Vom Gefühl her würde ich sagen, dass wenn ich die SCJP-Prüfung bestehen kann, die SCJA-Prüfung auch machbar sein dürfte. Hat hier vielleicht jmd. Erfahrungen mit den Zertifizierungen und/oder diesem Buch und kann dieses Gefühl bestätigen (oder widerlegen)?

Gruß,
Christophe


----------



## Geeeee (9. Jul 2009)

Also SCJA ist doch eine "nicht zwangsläufige Vorstufe" des SCJP, oder bin ich jetzt einfach nur nicht mehr in der Materie drin. Wobei SCJA auch viele Information zu den Java"gebieten" J2ME etc. abfragt, was du eben im SCJP nicht drin hast. Schau dir mal ScjaFaq und ScjpFaq an.
Bzgl. SCJP ist wohl imho das beste Buch dieses hier.


----------



## Dönsen (9. Jul 2009)

Vielen Dank für deine Antwort, die Links und den Buch-Tipp.

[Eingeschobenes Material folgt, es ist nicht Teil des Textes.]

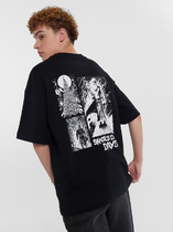 Футболка свободного кроя выполнена из премиального хлопка. Авторский принт нанесен красками с устойчивым покрытием. Благодаря эластану, носить изделие очень комфортно, и оно сохранит свой безупречный вид в течение долгого времени. На рукаве нашивка из эко-кожи с логотипом бренда.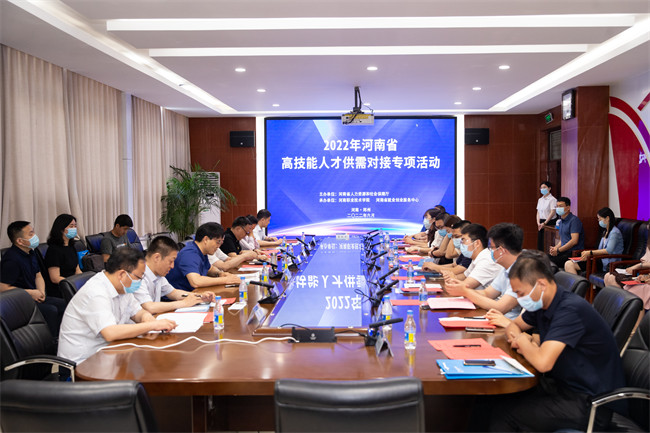 中新河南網(wǎng)6月17日電(馬臻臻) 6月15日,由省人力資源社會保障廳主辦,河南職院和省就業(yè)創(chuàng)業(yè)服務(wù)中心共同承辦的“2022年河南省高技能人才供需專項對接活動”在河南職業(yè)技術(shù)學(xué)院舉行。省就業(yè)創(chuàng)業(yè)服務(wù)中心副主任崔秀池及鄭州市、開封市和洛陽市就業(yè)服務(wù)中心相關(guān)負責(zé)人,以及河南黃河迎賓館、奇瑞汽車河南有限公司和格力電器(洛陽)有限公司等10家企業(yè)代表參加活動。校長梅樂堂出席活動并致辭,工會主席夏喜利主持活動。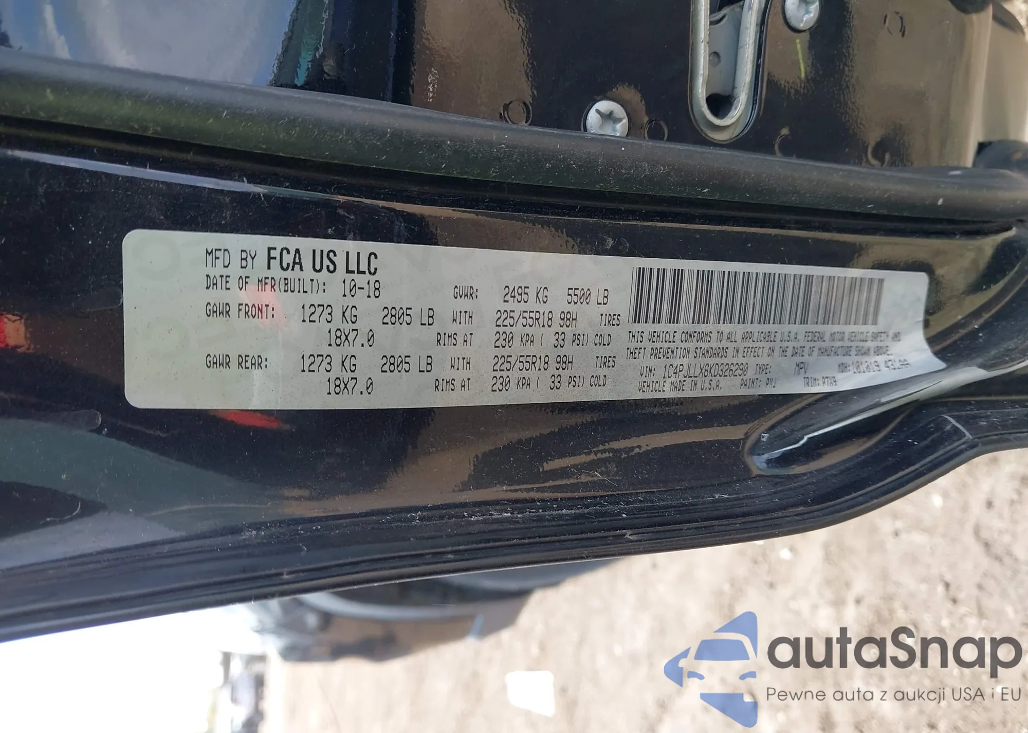 Samochód Jeep Cherokee 2019 (VIN 1C4PJLLX6KD326290) ma dokumenty uniemożliwiające rejestrację. Mogą pojawić się trudności przy eksporcie i rejestracji. Skontaktuj się z ekspertami AutaSnap w celu znalezienia alternatywy.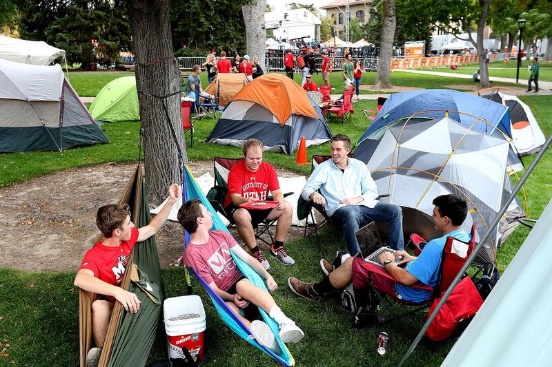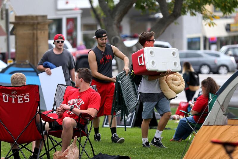 Marc Lodmell, a student at Utah, began staking his tent about 9 p.m. Thursday.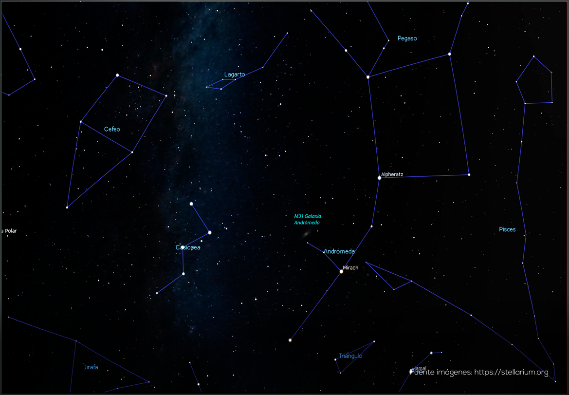Andrómeda era hija de Cefeo y Casiopea, constelaciones también cercanas a ella. La constelación puede verse durante todo el año. Famosa por que cerca de ella se encuentra M31, la Galaxia de Andrómeda. Alpheratz o Sirah es su estrella más brillante, en realidad es una estrella binaria, formada por dos estrellas que orbitan una alrededor de la otra. También la comparte con la constelación de Pegaso, llamándose Pegasi. Mirach es su seguda estrella más brillante, su nombre proviene del árabe, al-maraqq, y significa "los lomos". Es una gigante roja con un radio 86 veces más grande que el radio solar y 1.900 veces más luminosa que el Sol. Esta a una distancia de unos 200 años luz. Unos de los objetos de espacios profundo más importantes es M31, la Galaxia de Andrómeda, una galaxia espiral barrada el doble de grande que nuestra galaxia. Tiene galaxias satélites y destacan junto a ella M31 Y M110.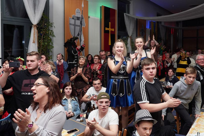 Um 20.11 eröffnete Sitzungspräsident Andreas „Wüsti“ Weist die Kappensitzung in der ausverkauften Kulturhalle Reinsfeld. Das Prinzenpaar „Stephan I aus dem Treawelara Land“ und „Sonja I vom Sauerstrand“ begrüßten das närrische Publikum, in dem sich passend zum Motto viele Rittersleut und Burgfräulein befanden. Und auch die Deko konnte sich sehen lassen. Die Rock- und Pop-Band „New Vintage“ aus dem Trierer Land „mit Reinsfelder Einschlag“ sorgte für Stimmung. Pator Kai Georg Quirin erzählte, dass er mit einem Brennholzverleih einen Haufen Asche gemacht habe und 1, 75 Euro Gage pro 100 Gramm bekomme. Das Reinsfelder Burgfräulein (Michaela Lieser) erzählte von ihren Erfahrungen mit Rittern aus den Nachbargemeinden und entzog alle Orte im Hochwald einer eingehenden Prüfung. Als Gastvereine traten die Karnevalsvereine aus Grimburg und Greimerath samt ihrer Prinzenpaare auf. Zum Abschluss brachten die Mitglieder des Männerballetts Sixpack das Publikum mit ihrem Tanz zum Toben, inklusive einer kleinen Hommage an den Monty Python-Filmklassiker „Ritter der Kokosnuss“.

Ich hab' gerade nochmal nachgeschaut und SCJA ist tatsächlich *keine* Vorraussetzung für SCJP. Da werd' ich nochmal hier in der Firma besprechen müssen, ob ich nicht sofort beim SCJP einsteigen sollte.

Mit J2ME und seinen Besonderheiten habe ich bisher keinerlei Erfahrung gesammelt. Da werd ich wohl mal genauestens die Prüfungsziele beider Prüfungen studieren müssen.

Gruß und danke,
Christophe


----------



## Geeeee (9. Jul 2009)

Also ich hab auch direkt den SCJP gemacht, weil 1. er die Grundvorraussetzung für alles weitere ist und 2. die SCJA Sachen für die einzelnen Gebiete (DB, Web, Mobile) in meinem Augen zwar grundsätzliche Kenntnisse bringen, aber nicht soviel, dass man danach Sagen kann: "Ich kann jetzt z.B. WebServices!" 
Natürlich biste nach dem SCJP auch kein JavaGuru, aber man kennt eben ein paar Eigenheiten mehr, die doch irgendwo (wenn man gut gelernt hat) auch im Hinterkopf hängenbleiben.


----------



## Claudia65 (1. Sep 2009)

Hallo ihr Alle,
ich möchte gern Sun Certified Java Programer (SCJP) Prüfung absolvieren und möchte gute spezielle Kurse hierfür besuchen. Hat jemand von Euch Erfahrung diesbezüglich? Welche Schulungsunternehmen sind in diesem Themengebiet zu empfehlen?
Vielen Danke für die Antwort im Voraus


----------



## simonEsslingen (2. Mrz 2010)

Hallo, meiner Ansicht nach hilft das SCJP Buch nicht wirklich. Ich habe mein Examen SCJA mit einem EBOOK von Ebay gemacht. Hat um die 5 Euro gekostet. Das waren exakt die Fragen des Tests.


----------



## nidsche (5. Mrz 2010)

Hi,

das SCJP-Buch von Katherine Sierra und Bert Bates finde ich persönlich recht gut, man muss halt "nur" recht gut in Englisch sein.
Auf javaranch.com gibt es recht viele Infos (auch Links zu Tests), aber auch wieder in Englisch. Zum Üben ist auch die Blackbelt Community nicht schlecht.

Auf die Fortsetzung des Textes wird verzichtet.